_THE TASK_
Beginning at the first line of the material, output each line exactly until you reach and include the line containing "清晨6时许,踏着第一缕阳光,电信学院的志". Leave every picture out.

DATA EXTRACT: Begin

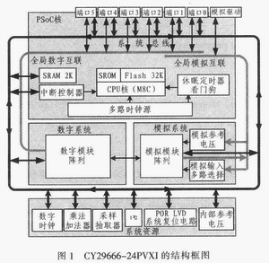 4)虽然也可将PSoC视为1个8位的微控制器,即8位单片机。但是与一般单片机不同的是,它几乎不需要外部电路,一片PSoC就可实现一个电子系统。而且PSoC具有比一般单片机更多的内部资源,如低电压监测电路(Low Voltage Detect,LVD)、开关式升压泵(Switch Mode Pum-p,SMP)、内部精密参考电压(Intemal Voltage Reference)等。另外,PSoC同时具有片内和片外系统时钟源,可以不需要外部晶体振荡器即可自行工作。
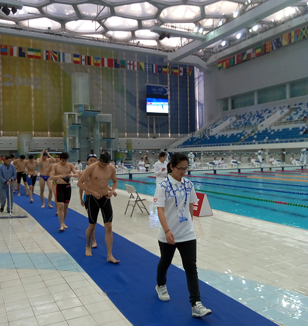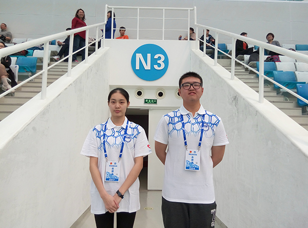 清晨6时许,踏着第一缕阳光,电信学院的志愿者们便早早来到了水立方赛场,开始了一天志愿服务活动的准备工作。志愿者们按照分工,被安排到了不同的岗位上,有的负责协调调度志愿者,有的负责引导参赛选手,有的负责协助赛事裁判工作,有的负责维护观众秩序等。志愿者们坚守各自岗位,认真履行职责,用心提供服务。从早上8点到晚上6点,他们始终保持微笑和热心,为参赛选手和观众提供如春风般温暖的志愿服务。赛后,志愿者们还积极协助主办方做好相关收尾工作,直至晚上7点左右才为此次志愿服务活动画上了圆满的句号。
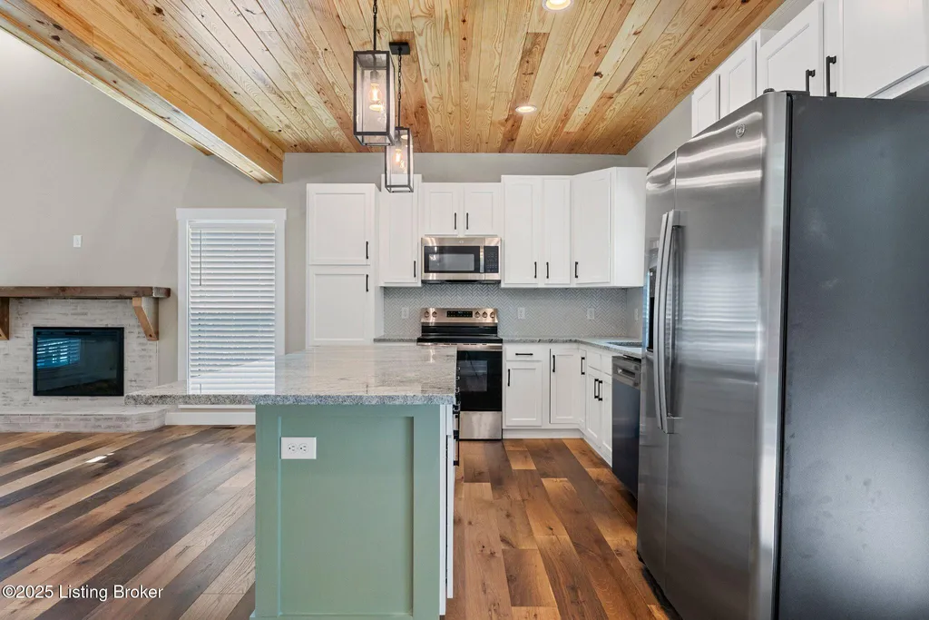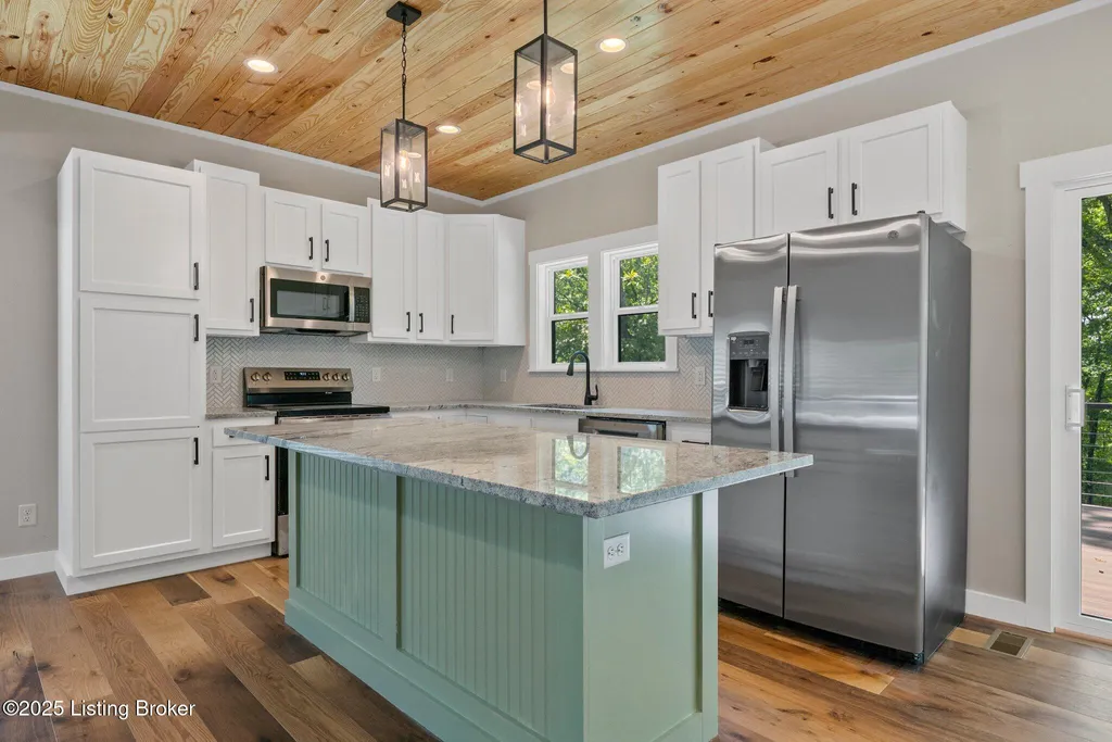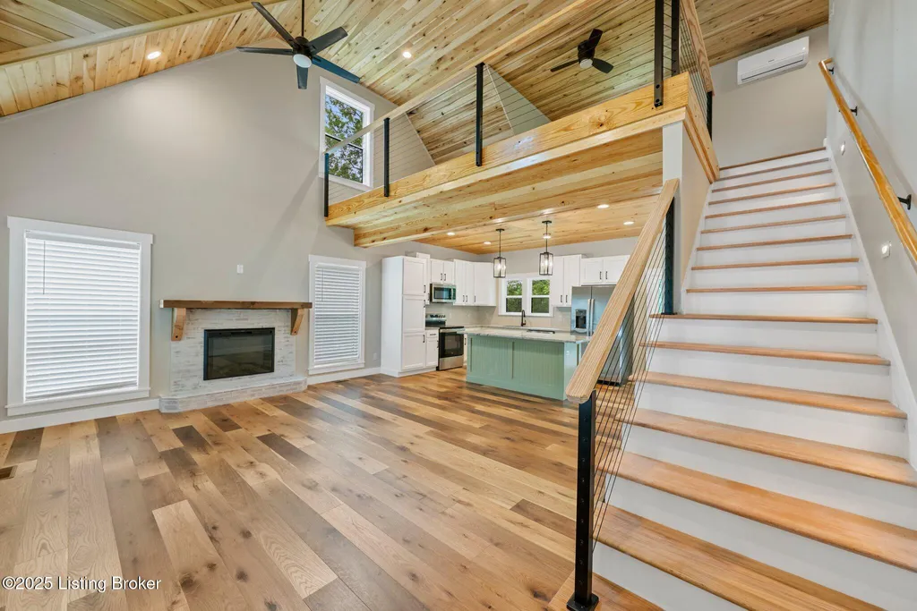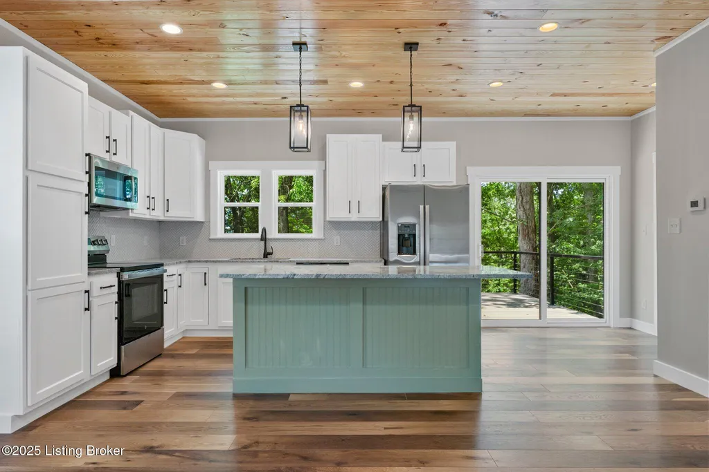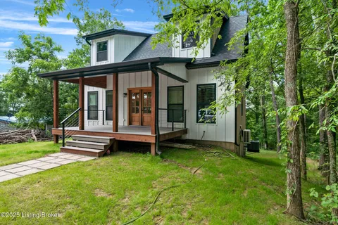 Adorable Lake-Area Home with Water View in Holiday Hills! Welcome to this charming lake-area retreat, perfectly nestled in the desirable Holiday Hills community. From the spacious front porch, enjoy peaceful views of the water - an ideal setting to relax and take in the scenery. The back deck off the kitchen and another deck at the basement level provide additional outdoor space for entertaining or quiet evenings. Inside, the home features a neutral color palette with warm pops of wood accents throughout, creating a cozy and inviting atmosphere. The open-concept kitchen, living, and dining area featuring warm wood ceilings and a cozy brick electric fireplace. The kitchen is outfitted with white cabinetry and granite countertops, offering both style and functionality. The main floor includes the primary suite and a convenient half bath just off the kitchen. Upstairs, you'll find a second bedroom, a full bath, and a spacious loft area perfect for additional sleeping space. The finished walkout basement includes a den, another sleeping area, full bath, and utility room great for guests or extended stays. With multiple living and sleeping areas, this home is ideal as a permanent residence or a weekend getaway for lake enthusiasts. Located less than 10 minutes from Day's Pro Bass Shop, Buoys at the Lodge, and the Dollar Store, you'll have quick access to all your lake life essentials. *Home is close to being complete with painter scheduled to finish painting the exterior of home as well as doorknobs on downstairs doors, HVAC final* Give the listing agents a call today!! We Know Nolin!!

DATA EXTRACT: End

_FINISHED EXERCISE_
 4)虽然也可将PSoC视为1个8位的微控制器,即8位单片机。但是与一般单片机不同的是,它几乎不需要外部电路,一片PSoC就可实现一个电子系统。而且PSoC具有比一般单片机更多的内部资源,如低电压监测电路(Low Voltage Detect,LVD)、开关式升压泵(Switch Mode Pum-p,SMP)、内部精密参考电压(Intemal Voltage Reference)等。另外,PSoC同时具有片内和片外系统时钟源,可以不需要外部晶体振荡器即可自行工作。
 清晨6时许,踏着第一缕阳光,电信学院的志愿者们便早早来到了水立方赛场,开始了一天志愿服务活动的准备工作。志愿者们按照分工,被安排到了不同的岗位上,有的负责协调调度志愿者,有的负责引导参赛选手,有的负责协助赛事裁判工作,有的负责维护观众秩序等。志愿者们坚守各自岗位,认真履行职责,用心提供服务。从早上8点到晚上6点,他们始终保持微笑和热心,为参赛选手和观众提供如春风般温暖的志愿服务。赛后,志愿者们还积极协助主办方做好相关收尾工作,直至晚上7点左右才为此次志愿服务活动画上了圆满的句号。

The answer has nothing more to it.